Ticket #199 (assigned defect)
Tablewriter escaping break UTF-8 encoded strings
| Reported by: | cuboci@… | Owned by: | jtv |
|---|---|---|---|
| Priority: | normal | Milestone: | |
| Component: | other | Version: | |
| Severity: | normal | Keywords: | |
| Cc: |
Description
When using a tablewriter to fill some table I get double-encoded values in that table. Using the same string variables in an INSERT statement, everything works fine. The culprit seems to be (at first glance) the method
string pqxx::internal::Escape(const string &s, const string &null)
which does something like this for every character (thus treating many UTF-8 sequences as separate characters):
else if (unprintable(c))
{
R += "\\\\";
unsigned char u=c;
for (int n=2; n>=0; --n) R += tooctdigit(u,n);
}
Since umlauts in UTF-8 fall in the unprintable() category (< ' ' || > '~') they get escaped. I don't know if PostgreSQL chokes on that, but it seems likely. Usually, a COPY statement copes with unescaped UTF-8 characters just fine.

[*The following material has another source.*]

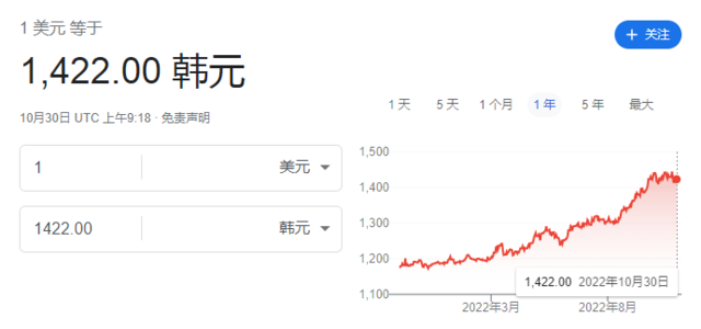 多家华尔街机构认为,韩国央行在加息方面的速度要远远落后于美联储。由于韩国和美国之间的利差不断扩大,韩元兑美元汇率在年底可能会跌至1美元兑1500韩元。

The client encoding is set to UNICODE (via set_client_encoding()), otherwise it wouldn't work with normal INSERTs.
Perhaps I'm doing something I shouldn't but right now I'm at a loss what that could be.
I've now tested this in psql with a COPY statement. Using UTF-8 characters directly works, encoding them as \303\274 (that's a German ü, for example) doesn't. So this might even be a bug in PostgreSQL itself. I don't know what the standard behaviour is supposed to be, though.